Mnie najwięcej czasu zajęło pokonanie ściany z linami. W górę to się nawet szło, ale jak z kąta prostego w stosunku do ściany wskoczyć na samochód, który był wysoko, wysoko? Za trzecim razem wolontariusze mnie wciągnęli.


Po tej przeszkodzie, to już było z górki. Co tam skakanie po słomie, czy bieganie po oponach czy rurach!


Nawet to przejście między kontenerami to była bułka z masłem!

Co prawda, po eliminacjach pojawiła się w mojej łepetynie refleksja: co ja tu robię?, ale tak szybko jak się pojawiła, równie szybko ją zagłuszyłam. Cel na bieg główny był jeden: ukończyć!


ZAWODY

Niedziela nastała szybko. Noc była krótka, a wieczór bogaty w zdarzenia. Wszyscy jednak w zielonych koszulkach z logotypem BootCamp Polska stawiliśmy się na rozgrzewce pod fontanną.

fot. Jola Antczak
Przejście do stref startowych obfitowało w podziwianie biegowych przebierańców. Były smerfy, bobasy, hydraulicy z wąsem, muszkieterowie, pływacy, stwory wszelakie, diabły i baletnice też. 

Starter dał sygnał do wybiegnięcia na trasę. Czekało nas, śmiałków, 13,5 kilometra z przeszkodami. Początkowo uliczkami Złotoryjskiej starówki...



... a potem zaułkami, gdzie do pokonania były schody, płoty, schody, ogrodzenia, a potem znowu schody. Bardzo się cieszyłam, że mogłam korzystać z nowonabytej umiejętności zbiegania.


Po dotarciu na stadion zaczęło się czołganko, pokonywanie kolejnych ogrodzeń, zbocza pionowego jak ściana, gdzie jedyna opcja na poruszanie się w górę to czworakowanie, aż w końcu dotarliśmy do ścianki z linami. Mojej ulubionej. Poszło za pierwszym razem, ale gdyby mi to kazał teraz ktoś powtórzyć...

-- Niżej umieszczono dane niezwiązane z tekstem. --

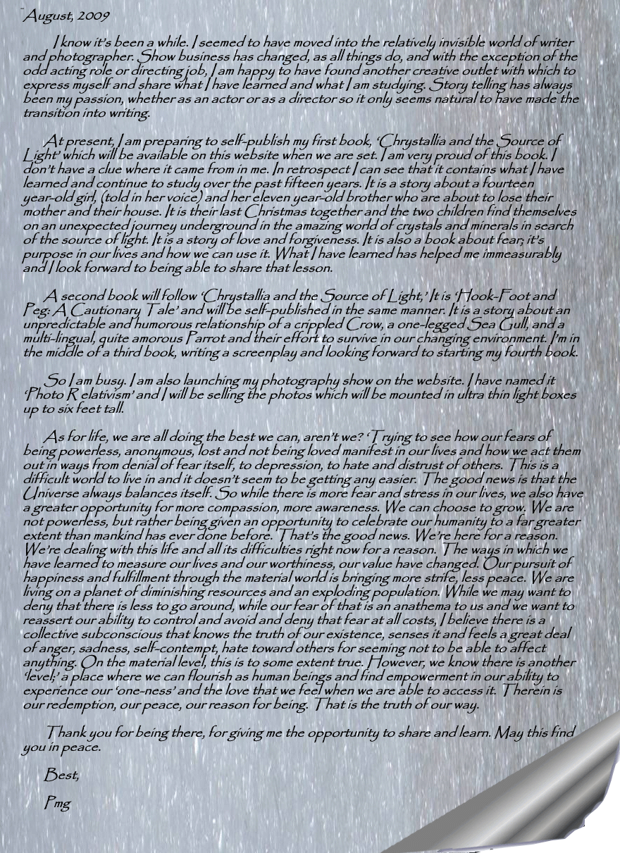December 22, 2007Christmas Message from PaulI suppose the thing I know best about this time of the year is my yearning and what I feel of the world’s yearning. For peace…for love…understanding…some gentleness…compassion and light. In the birthplace of the Judeo/Christian mythology, where this was originally the longest and darkest day and night of the year…when it seemed that the darkness would never leave and light would never return…our ancestors chose the plant that is always green, the ‘Ever’-green tree, and decorated it with gifts and entreaties to bring back the light. Our Christmas tree. In this time on our planet when our family of man is growing to over-crowding, when our resources for sustaining life on this great host, Mother Earth are now seen as finite and the only argument aggrivated by greed and fear is ‘how long’ before we have soiled our nest beyond repair and destroyed the world and future of our children’s children…it is imperative that we listen. Listen to ourselves. Listen to each other.
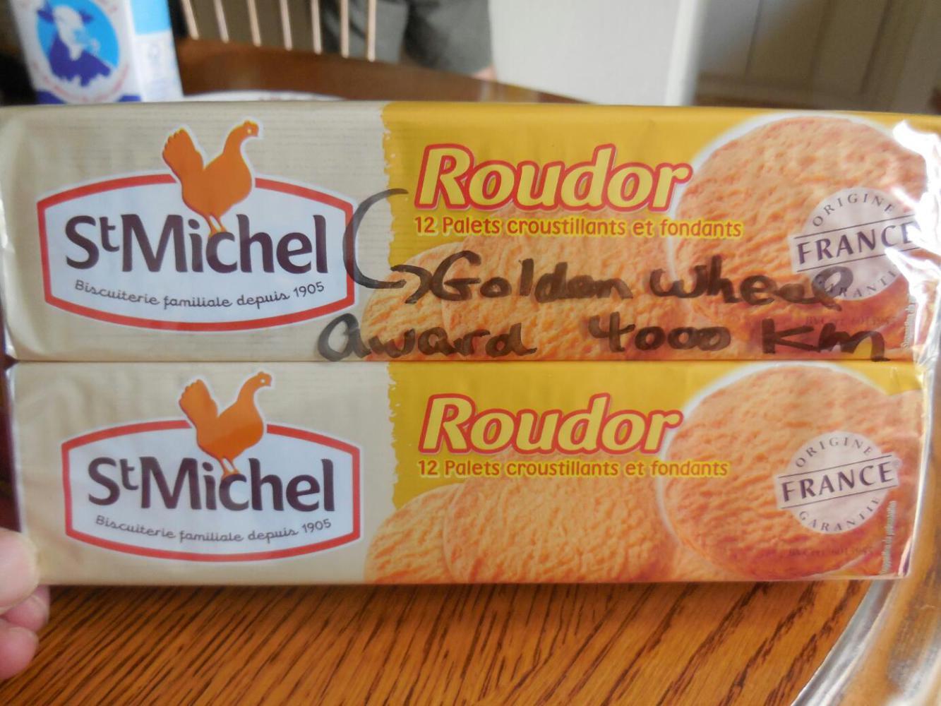Well, 4000 km may not be the greatest for a three month tour, but it is something. Michel helped us feel good about it by giving us the "Golden Wheel" award. This took the form of two packages of cookies from the biscuit factory in nearby (64 km by bike) St Michel Chef-Chef. The cookies are called Roudor, which might certainly be translated as golden wheel.

O właśnie, bo ten samochód to był dla mnnie problematyczny i od strony ścianki z linami i z drugiej. Wyskok mi nie szedł, musiałam usiąść na burcie i dopiero skakać. Tylko weź tu usiądź, jak pupa ciągnie do tyłu. Na tę nogę (co widać na zdjęciu) nie szło. Na drugą poszło.



Później znowu słoma, opony...


...  i pierwsze przetarcie ze środkowiskiem wodnym - czyli rzeczka pod prąd. Nie powiem, przyjenie nawet się brodziło. Szłam dumnie, bo wywrotki uniknąć chciałam. Woda to nie jest to, co ja lubię najbardziej...

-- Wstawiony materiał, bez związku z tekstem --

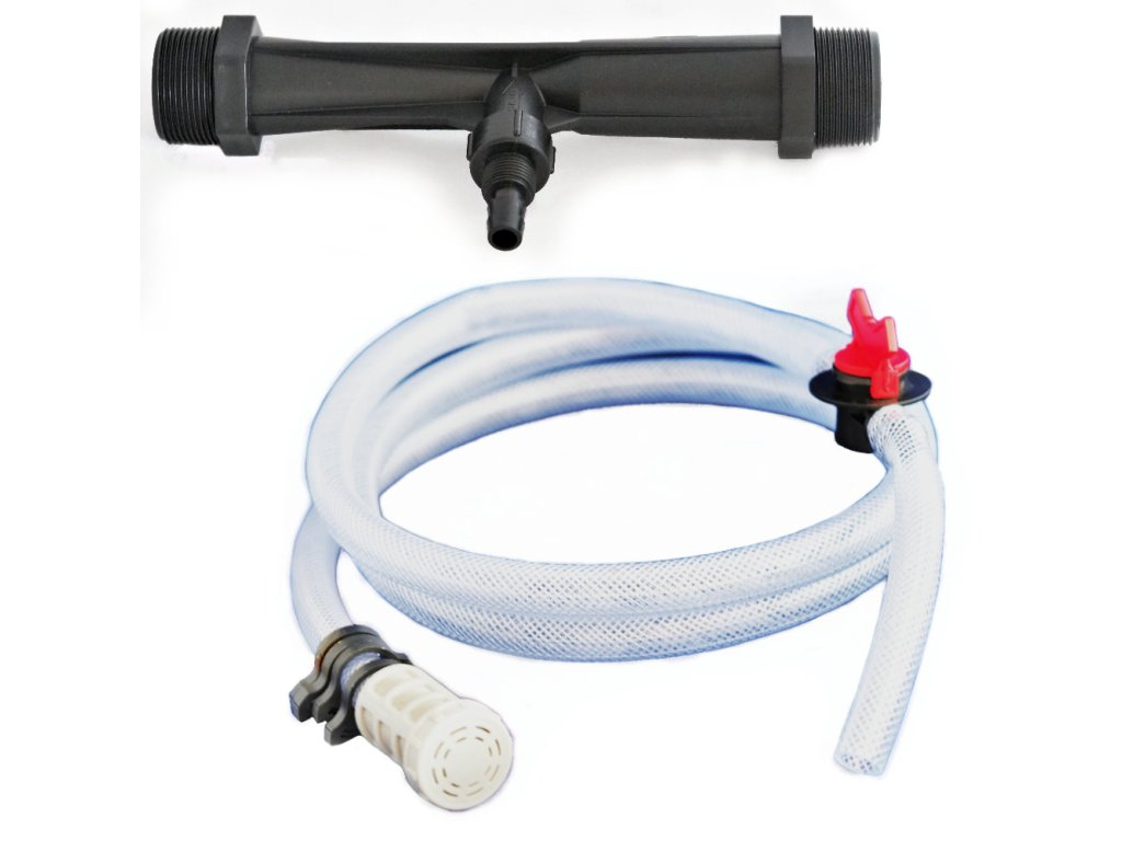 Venturi nasávač hnojivého roztoku 1" pre prietok 2-5m3/h, s filtrom, nastaviteľným ventilom a hadicou

Po wyjściu z nurtu Kaczawy do pokonania most. Dobrzy ludzie, jak widać, na trasie byli. Ten odbierający mnie na górze mężczyzna pokonywał przy mnie rzeczkę i ostrzegał o większych kamianiach. Generalnie pomaganie na trasie kwitnie. Nikt (wśród biegaczy z mojej stawki) nie biegnie na oślep. Jest kooperacja, komunikacja i zrozumienie, że ktoś pokonuje przeszkodę wolniej.


Po moście było czołganko po betonowych rurach, przeskakiwanie przez opony i slalom góra-dół po kopcach z błotem. We wszystko pięknie wkomponowane na trasie podbiegi i zbiegi po zboczach. Później kolejna rzeczka, tym razem pokonywana wskroś...


... a dalej czołganko pod mostkiem, przejście przez bunkier, podbieg w pionie pod wykarczowany dopiero co las, potem zbieg i rozpoczynamy przygodę z błotem. Początkowo tylko po kostki, potem już po pas. Zapachu tej brei prędko nie zapomnę! Przesuwaliśmy się po niej dystyngowanie, co chwila omijając konary lub inne niewidoczne w błocie przeszkody. Dalej znowu podbiegi i zbiegi, małe rzeczki, przebieg polami. Kolejny samochód, ale tym razem bez lin. Tu bez pomocy nie ma się szans.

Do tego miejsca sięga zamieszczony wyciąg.